The West Central Marketplace officially opened for the season Tuesday, in its new spot on the welcoming grass of A.M. Cannon Park. It’s part of Project Hope, the nonprofit that uses soil and seeds to teach job skills, money management, gardening and other life lessons to kids from difficult backgrounds in the West Central and Emerson Garfield neighborhoods, where poverty and its attendant problems are prevalent.
It’s a win-win-win-win-win situation.
“I feel like there are a lot of programs that just put Band-Aids on problems,” said Kate Burke, a Project Hope board member. “This is a way to actually fix a problem, rather than putting Band-Aids on it.”

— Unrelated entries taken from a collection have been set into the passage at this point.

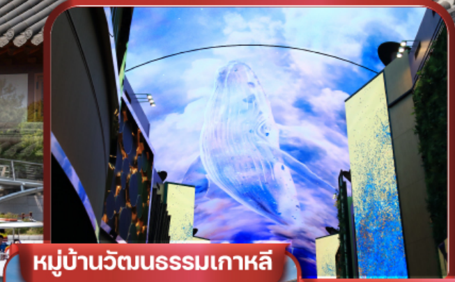
หมู่บ้านวัฒนธรรมเกาหลี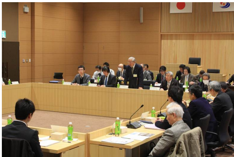
北設楽郡公共交通活性化協議会（設楽町）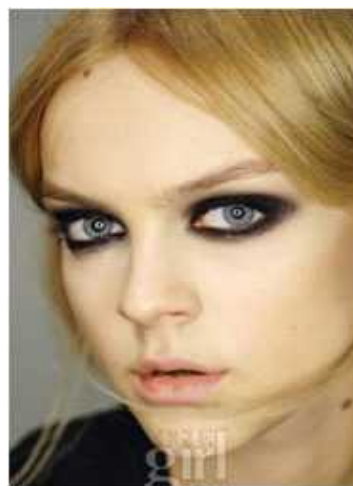
<그림 79> 모던성 8

The market has a handful of vendors, with a goal of 10 by year’s end. The main one is Riverfront Farm, the Project Hope urban farming initiative. Riverfront Farm has seven urban farms spread through West Central, beautifying empty lots; some of the kids work on the farm team, and others on the market team. A smaller group does lawn care projects.
On Tuesday, Riverfront Farm’s booth offered a range of vegetables that would be at home at any farmers market: lettuce, kale, herbs, turnips, rhubarb … At one point, a woman approached the booth, looking for the “Project Hope kids.” She’d brought a bag stuffed with lavender from her garden; she wanted to donate it for them to sell.

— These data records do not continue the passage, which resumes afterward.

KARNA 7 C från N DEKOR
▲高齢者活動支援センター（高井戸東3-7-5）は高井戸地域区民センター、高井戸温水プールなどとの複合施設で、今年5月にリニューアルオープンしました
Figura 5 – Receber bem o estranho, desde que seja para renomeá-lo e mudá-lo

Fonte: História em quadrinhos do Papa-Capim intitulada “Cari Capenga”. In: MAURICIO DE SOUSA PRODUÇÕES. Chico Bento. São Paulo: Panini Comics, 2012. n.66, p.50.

The market feeds different needs. The young people need the work and the knowledge. The empty lots need the brightening green of the gardens. And those who live in West Central – especially those with limited transportation – need more access to fresh, healthy food.
“West Central’s a food desert,” said Emily Dufault, who was working a booth run by The Porch Garden project, an urban farming effort similar to Project Hope’s. “This is the only farmers market in the neighborhood.”
This promises to be an auspicious year for Project Hope. Started in 2006 by West Central stalwarts Pat and Connie Malone, it’s building real momentum – this year it hired its first employees, executive director Joel Williamson and a yet-to-be hired operations manager. It has expanded the number of urban farms, and the market has moved from a parking lot to A.M. Cannon, where organizers hope to draw more vendors and customers, said Shannon Kelly, market manager.
“This is just a much better, friendlier location,” she said.
Like several people, Kelly came to Project Hope from Whitworth University, where she recently graduated. She was a Project Hope intern as a Whitworth student a couple of years ago; this year, she’s overseeing the market.
Twenty-five kids are working in the program this year. Each works around 15 hours per week; they are paid on a sliding scale, based on age, hours and years in the program. Several youths on the market team staffed the booth Tuesday, and some are also working the booth at the Perry Street farmers market on Thursdays.
Angelique Rios is a 14-year-old in her first year in the program; she’s eager to continue learning bookkeeping and other marketing skills associated with selling the produce. Mica Jones is a 15-year-old in his third year with Project Hope; he says he values learning how to raise his own food, and overcoming his nervousness and difficulty in speaking with others.
“I love it,” he said. “It’s a great program.”
The lessons of Riverfront Farms have spread to his own home.
“I have a vegetable garden and a flower garden I take care of,” he said.
The word sustainable is much-overused these days, but there is a genuinely regenerative quality to the cycles that Project Hope is fueling – the cycles of knowledge, of food, of community, of work, of hope.
Burke, the board member, said one of the benefits of the program is that as the young people learn skills, they are able to feed that knowledge back to the even younger ones.
“We’re trying to teach the kids to teach the kids,” she said. “To keep that cycle going.”